Opinion and Response to the 27 October 2022 article “It’s time to embrace profound autism” by Alison Singer
Photo credit: Pawel Czerwinski for Unsplash
I read the opinion piece by a fellow mother of an Autistic child with high support needs with a sense of fear and dread. Parenting a child with high needs is as hard. Harder than parenting typical kids and harder than parenting Autistic kids who can care for themselves and become adults who can continue to care for themselves. Is there a place where that knowledge seems to be missing? People who are unaware? Why do parents of children like mine want their children to be seen as separate and profound?
What benefit does it provide to their child?
Will it give them more services targeted to their needs?
Services are already based upon assessment of needs and not on diagnosis. This is why each and every year there are new assessments for every type of therapy. Properly identifying the co-occurring disorders are more likely to do this.

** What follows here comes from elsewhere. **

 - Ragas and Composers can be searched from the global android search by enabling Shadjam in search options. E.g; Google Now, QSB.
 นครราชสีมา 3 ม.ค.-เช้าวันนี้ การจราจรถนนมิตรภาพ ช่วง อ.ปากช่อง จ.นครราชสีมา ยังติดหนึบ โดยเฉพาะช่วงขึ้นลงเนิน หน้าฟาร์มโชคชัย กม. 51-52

Will it help them communicate?
Only acting to provide them with competent professionals who presume them to be competent and address their unique strengths and needs through rigorous assessment that includes a holistic understanding will do this.

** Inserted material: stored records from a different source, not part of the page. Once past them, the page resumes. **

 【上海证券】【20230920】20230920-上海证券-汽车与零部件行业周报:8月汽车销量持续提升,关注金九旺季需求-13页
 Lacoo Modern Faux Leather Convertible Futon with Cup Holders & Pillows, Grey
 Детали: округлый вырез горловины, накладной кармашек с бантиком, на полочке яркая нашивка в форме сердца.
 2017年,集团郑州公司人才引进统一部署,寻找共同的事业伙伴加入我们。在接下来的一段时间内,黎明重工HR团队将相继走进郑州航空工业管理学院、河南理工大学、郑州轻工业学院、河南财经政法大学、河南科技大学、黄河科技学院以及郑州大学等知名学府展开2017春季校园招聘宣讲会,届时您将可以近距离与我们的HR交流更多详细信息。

Is it to carve out a space just for those Autistics?
What space is that?
From my vantage point, it looks like institutionalization, or what I would call my worst fear as a parent and as a professional. We’ve spent decades dismantling systems that took away autonomy and assumed all non-speakers are intellectually disabled.

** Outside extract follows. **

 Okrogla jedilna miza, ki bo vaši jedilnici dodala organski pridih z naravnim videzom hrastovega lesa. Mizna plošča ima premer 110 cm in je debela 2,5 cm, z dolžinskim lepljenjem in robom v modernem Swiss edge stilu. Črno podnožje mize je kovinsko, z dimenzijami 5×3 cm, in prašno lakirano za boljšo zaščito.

What’s the difference between a quirky, clumsy, Autistic and one that needs forever care? It’s a spectrum, they say. In presentation to others, Autism looks very different from one person to the next even in the same family. The difference isn’t the Autism spectrum dialed up or dialed down. It’s co-occurring disorders.
Searching the Spectrum archives yields many wonderful articles about the role of motor disorders in Autism that have been largely ignored in treatment and education approaches. What if what we know about “severe” or what some would call “profound” Autism is incomplete? That we are identifying non-speakers who can’t demonstrate their knowledge as intellectually disabled and closing the door on them?